Exercise. Copy out the whole listing exactly as written, leaving the pictures behind.

Extracted data.
◆ ◆ ◆
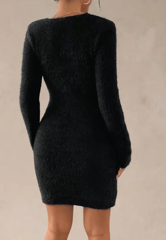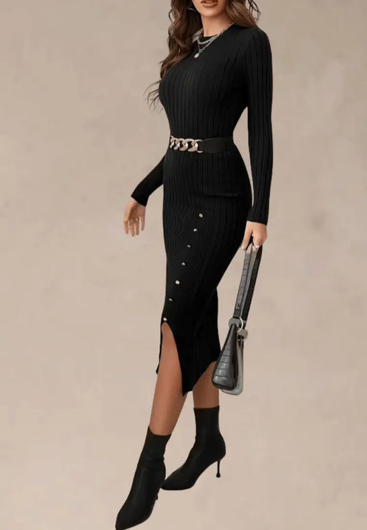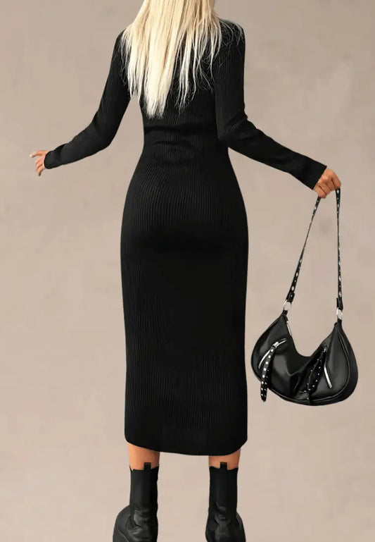 Nowy rok -70%Czarna sukienka dzianinowa z długim rękawem i rozcięciem
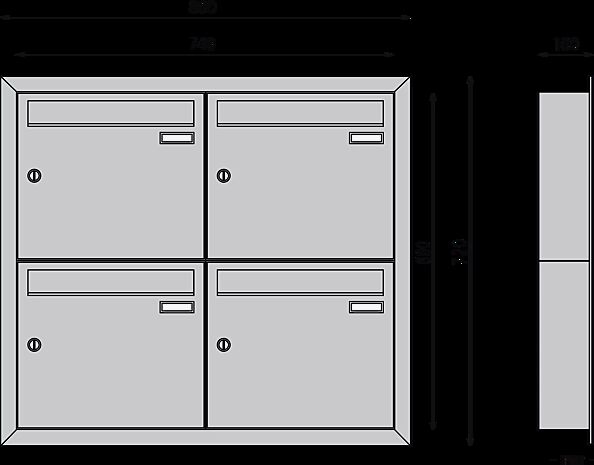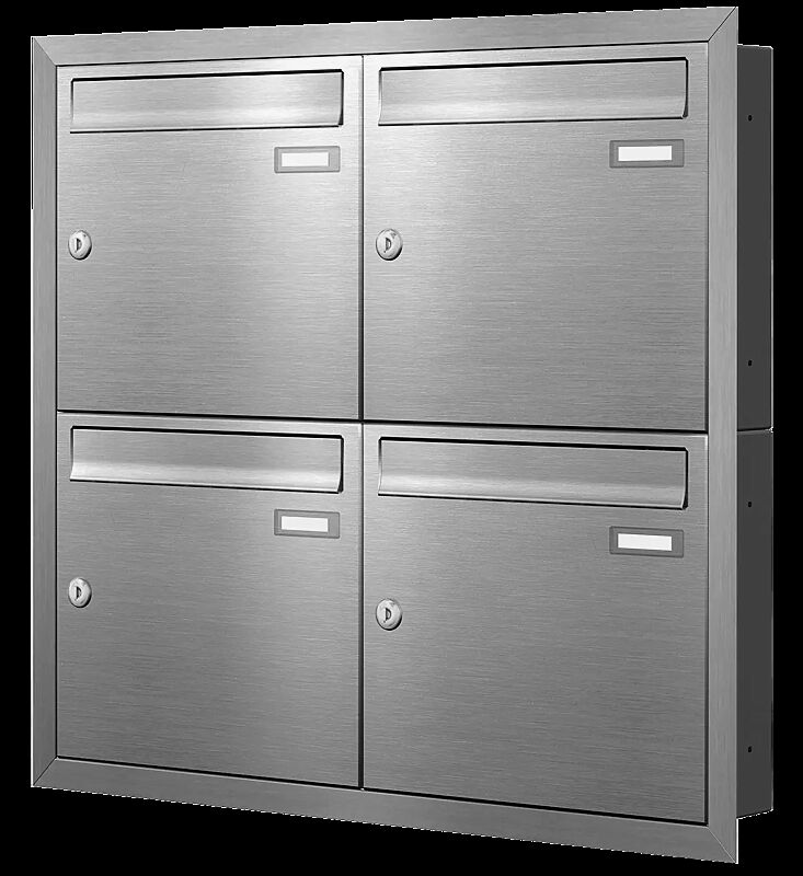 Unterputzanlage mit Kastengehäuse aus Stahl, verzinkt. Entnahmetür, Einwurfklappe und Putzabdeckrahmen aus Edelstahl. Zur Wandbefestigung, 4-teilig. Pro Briefkasten ist ein Namensschild inklusive. Verriegelung mittels Zylinderschloss, inkl. 2 Schlüsseln. Befestigungsmaterial nicht im Lieferumfang enthalten.
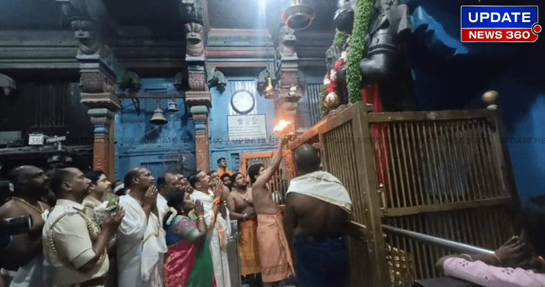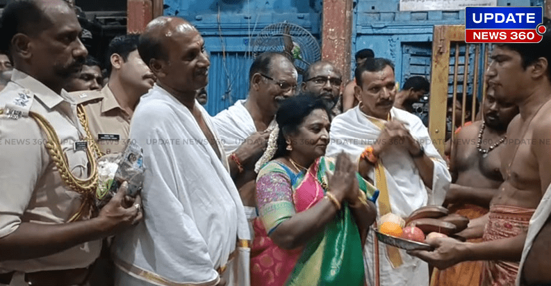 சுசீந்திரத்தில் உள்ள தாணுமாலய சுவாமி கோவிலுக்கு சென்று சாமி கும்பிட்ட அவரை மாவட்ட ஆட்சித் தலைவர் ஸ்ரீதர் பூச்செண்டு கொடுத்து வரவேற்றார்.
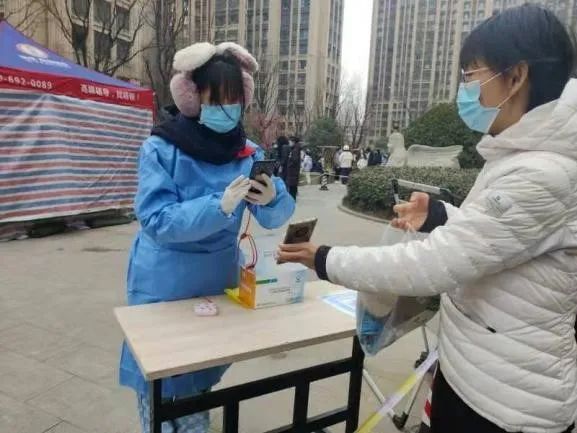 疫情面前不畏惧,志愿服务显担当。赵喜洋同学是河南省商丘市梁园区文化西路振华南院的一名志愿者,她主要负责帮助核酸检测人员扫码登记信息,维持核酸检测现场秩序。
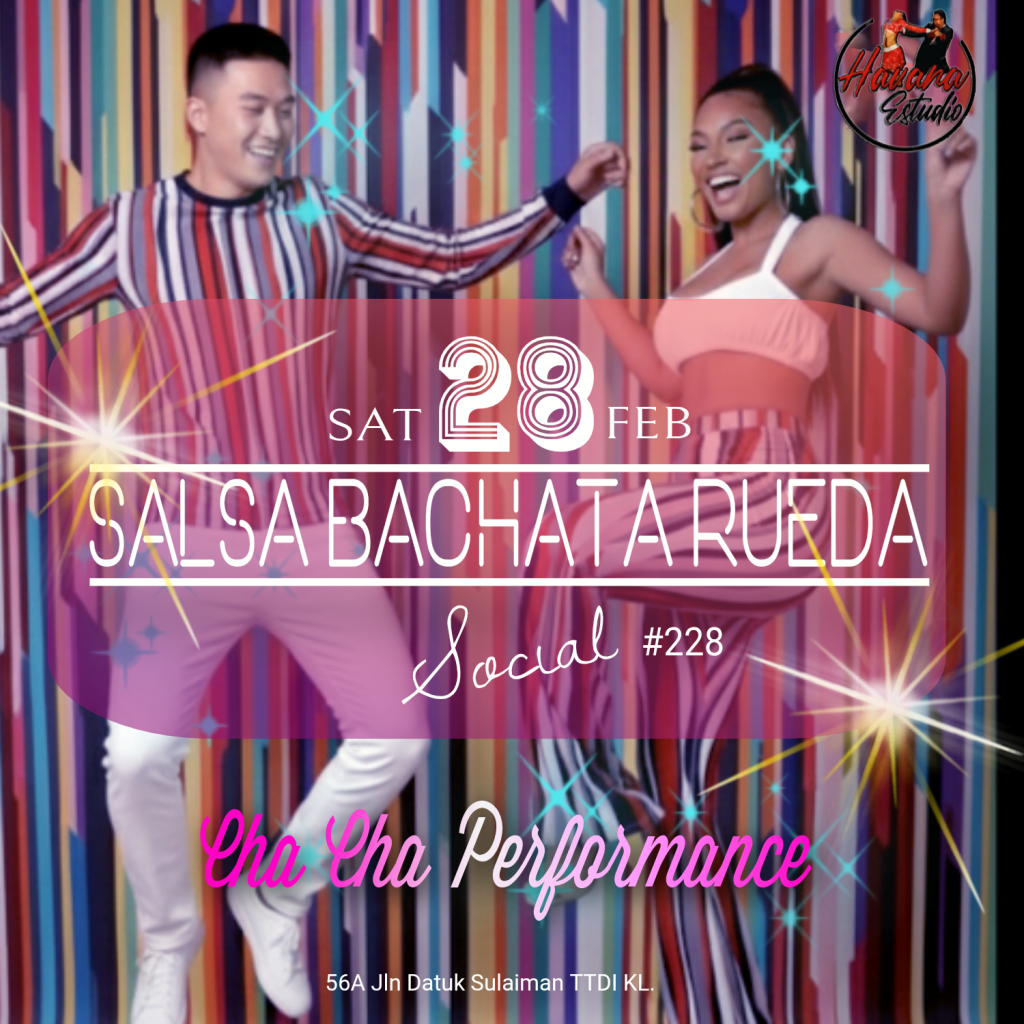 - Chacha On2 Shines & Partnerwork (Open Lvl) – Sun 2-3pm – Salsa experience recommended, Year 3+ programme, open level = all are welcome to join – contact Sam 012-280-6969
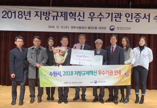 수원시는 12일 정부서울청사 별관에서 열린 ‘2018년 지방규제혁신 인증 수여식’에서 인증서를 받았다. 재정인센티브로 특별교부세 1억 원을 받는다.
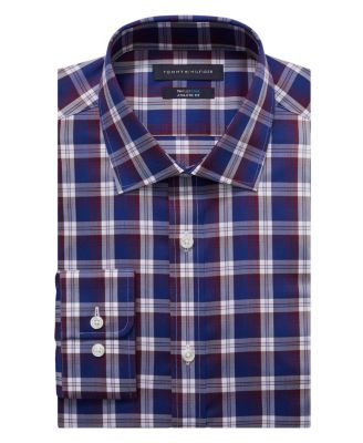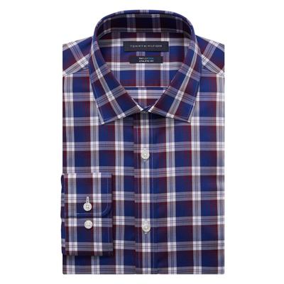 Tommy Hilfiger Flex Cool Athletic Fit Dress Shirt Navy Burgundy Red 16 X 34-35
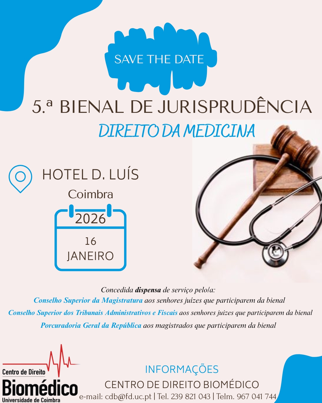 A Universidade de Coimbra (UC) promove na sexta-feira, dia 16, a 5.ª Bienal de Jurisprudência em Direito da Medicina. O encontro científico, organizado pelo Centro de Direito Biomédico da Faculdade de Direito da UC, pelo Centro de Estudos Judiciários e pela Ordem dos Advogados, decorre no Hotel D. Luís (Coimbra), entre as 9h15 e as 18h30.
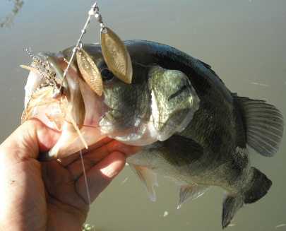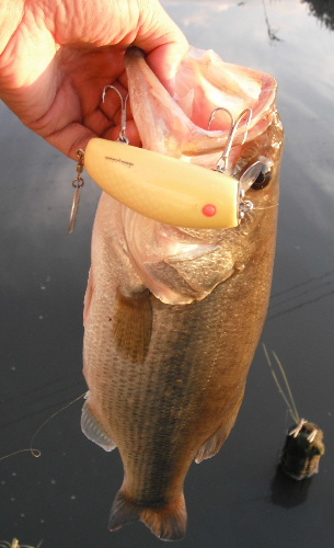 夕方、去年トップで良い思いをしたところへ行き「エスマウス」を投げる。2投目で「モコッ」とバイト! ブッシュに巻かれないように速攻で巻きあげ、寄せてみるとしっかりフッキングしている。42Cm、1.3Kありました。
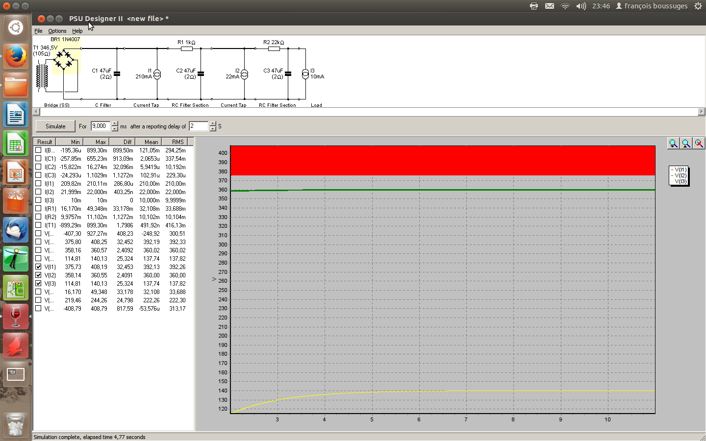 j'ai refais une simu sous PSU (HT 315V 0.3A 10% de régul). avec la conso théorique au repos (70mA d'anode + 15mA de g2 + 10mA de preamp/dephaseuse) et une conso d'un PP de 6L6 sous 450v a l'anode, 400v sur g2 et 6,6k sur le transfo (210mA+ 22mA donnée issu de la data GE) pour 55w (large donc). La tension chute un peu mais reste correcte. la partie preamp sera certainement à réadapter (changement de valeur des résistances de l'alim) pour obtenir les tensions indiquées sur le schema d'origine (115V/175V pour la partie preamp, 300V/280V sur la dephaseuse).
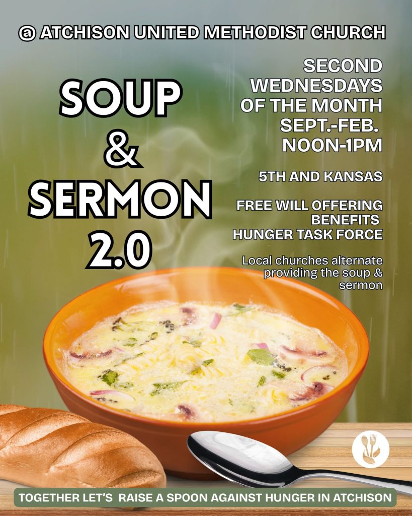 The long time Lenten tradition is having a new season! Join the community for a power lunch September-February on the second Wednesday of the month at noon-1pm. Enjoy a bowl of soup, a message and music from one of many local churches. A free will offering benefits Hunger Task Force, an ecumenical effort to support local families.
◆ ◆ ◆
Task answer.
 Nowy rok -70%Czarna sukienka dzianinowa z długim rękawem i rozcięciem
 Unterputzanlage mit Kastengehäuse aus Stahl, verzinkt. Entnahmetür, Einwurfklappe und Putzabdeckrahmen aus Edelstahl. Zur Wandbefestigung, 4-teilig. Pro Briefkasten ist ein Namensschild inklusive. Verriegelung mittels Zylinderschloss, inkl. 2 Schlüsseln. Befestigungsmaterial nicht im Lieferumfang enthalten.
 சுசீந்திரத்தில் உள்ள தாணுமாலய சுவாமி கோவிலுக்கு சென்று சாமி கும்பிட்ட அவரை மாவட்ட ஆட்சித் தலைவர் ஸ்ரீதர் பூச்செண்டு கொடுத்து வரவேற்றார்.
 疫情面前不畏惧,志愿服务显担当。赵喜洋同学是河南省商丘市梁园区文化西路振华南院的一名志愿者,她主要负责帮助核酸检测人员扫码登记信息,维持核酸检测现场秩序。
 - Chacha On2 Shines & Partnerwork (Open Lvl) – Sun 2-3pm – Salsa experience recommended, Year 3+ programme, open level = all are welcome to join – contact Sam 012-280-6969
 수원시는 12일 정부서울청사 별관에서 열린 ‘2018년 지방규제혁신 인증 수여식’에서 인증서를 받았다. 재정인센티브로 특별교부세 1억 원을 받는다.
 Tommy Hilfiger Flex Cool Athletic Fit Dress Shirt Navy Burgundy Red 16 X 34-35
 A Universidade de Coimbra (UC) promove na sexta-feira, dia 16, a 5.ª Bienal de Jurisprudência em Direito da Medicina. O encontro científico, organizado pelo Centro de Direito Biomédico da Faculdade de Direito da UC, pelo Centro de Estudos Judiciários e pela Ordem dos Advogados, decorre no Hotel D. Luís (Coimbra), entre as 9h15 e as 18h30.
 夕方、去年トップで良い思いをしたところへ行き「エスマウス」を投げる。2投目で「モコッ」とバイト! ブッシュに巻かれないように速攻で巻きあげ、寄せてみるとしっかりフッキングしている。42Cm、1.3Kありました。
 j'ai refais une simu sous PSU (HT 315V 0.3A 10% de régul). avec la conso théorique au repos (70mA d'anode + 15mA de g2 + 10mA de preamp/dephaseuse) et une conso d'un PP de 6L6 sous 450v a l'anode, 400v sur g2 et 6,6k sur le transfo (210mA+ 22mA donnée issu de la data GE) pour 55w (large donc). La tension chute un peu mais reste correcte. la partie preamp sera certainement à réadapter (changement de valeur des résistances de l'alim) pour obtenir les tensions indiquées sur le schema d'origine (115V/175V pour la partie preamp, 300V/280V sur la dephaseuse).
 The long time Lenten tradition is having a new season! Join the community for a power lunch September-February on the second Wednesday of the month at noon-1pm. Enjoy a bowl of soup, a message and music from one of many local churches. A free will offering benefits Hunger Task Force, an ecumenical effort to support local families.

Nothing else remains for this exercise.